Hôtel : — d'Orient, 2, av. Maréchal-Foch (24 ch. ; rest. : tél. 1-86).
Poste : — pl. Bugeaud.
Sports : — piscine J.-Vidal, route de Tiaret. - tennis.
Garages : — Ford, bd Bezombes(tél. 2-55).- Peugeot, 50, av. Gambetta (tél. 2-20).- Renault, rue Jeanne-d'Arc (tél. 1-66).
Réjouissances Indigènes : — fêtes de Sidi Blal, en oct., au village nègre Amrous.

Histoire. — D'une Importance militaire considérable, en raison de sa position au seuil des Hauts Plateaux, Saida avait déjà été le siège d'un établissement romain. Elle fut l'une des capitales d'Abd El Kader, qui y mit le feu à l'arrivée de Bugeaud (1841).

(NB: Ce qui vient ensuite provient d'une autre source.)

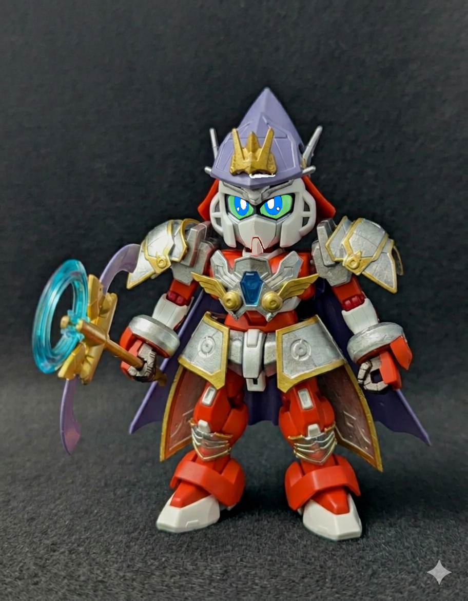 自作小説「SDガンダム異聞録 蒼星の騎士」に登場する主人公パーティメンバーの紅一点法術士アルケインをプラモデル化しました、これで4人のパーティメンバーが揃いましたね

Une redoute, origine de la ville actuelle, y fut fondée en 1844. C'est e là que rayonnèrent par la suite maintes autres actions : l'occupation de Brézina par de Géry (1845), celle de Géryville par de Bouscaren (1852), la marche de la colonne Beauprêtre dans le djebel Amour (1864), celle de Deligny chez les Ouled Sidi Cheikh (1870), etc.
La création du centre civil remonte à 1862.

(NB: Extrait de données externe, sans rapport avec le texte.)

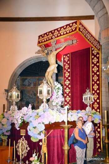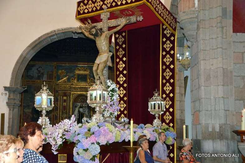 Telde.- Cuando el reloj de la Basílica de San Juan marcaba las 20.20 horas de este lunes, la venerada imagen del Cristo de Telde enfiló el pórtico principal del templo matriz de la ciudad para mezclarse con los fieles y recorrer en procesión las principales calles del casco histórico de la ciudad.

C'est à la prise de Saida que serait attachée la légende de la casquette de Bugeaud : surpris par une attaque de nuit, Bugeaud, qui dormait tout habillé, se porta en hâte sur le point menacé et, quand l'ennemi fut repoussé, il s'aperçut
qu'il était resté coiffé de son bonnet de nuit. Il cria alors à ses aides de camp : « Ma casquette (c'est le nom que portait alors le képi), allez me chercher ma casquette ». Le lendemain, lorsque les clairons sonnèrent la marche, les zouaves, en mémoire de cette aventure, entonnèrent en choeur la chanson : «As-tu vu la casquette.....» Le maréchal ne s'en fâcha nullement. Deux ou trois jours plus tard, au moment de monter à l'assaut, s'adressant aux clairons, il s'écria même : «Sonnez la Casquette». Ce nom est resté à la marche.

La place Raymond-Poincaré marque le centre de la ville. On y remarque : un monument aux soldats de la Légion étrangère et de l'Armée d'Afrique morts dans le Sud oranais, érigé en 1910 (R.Delandre), et un cadran solaire de précision, exécuté par les légionnaires en 1935. En face, s'élèvent l'hôtel de ville et la justice de paix; à l'extrémité du square qui prolonge la place de ce côté se trouve la mosquée, sur la place colonel-Ben-Daoud ; à dr. de l' hôtel de ville s'ouvre la place Bugeaud, avec l'hôtel des Postes; de là, la rue de Dombasle conduit à la place de la République où s'élève l'église.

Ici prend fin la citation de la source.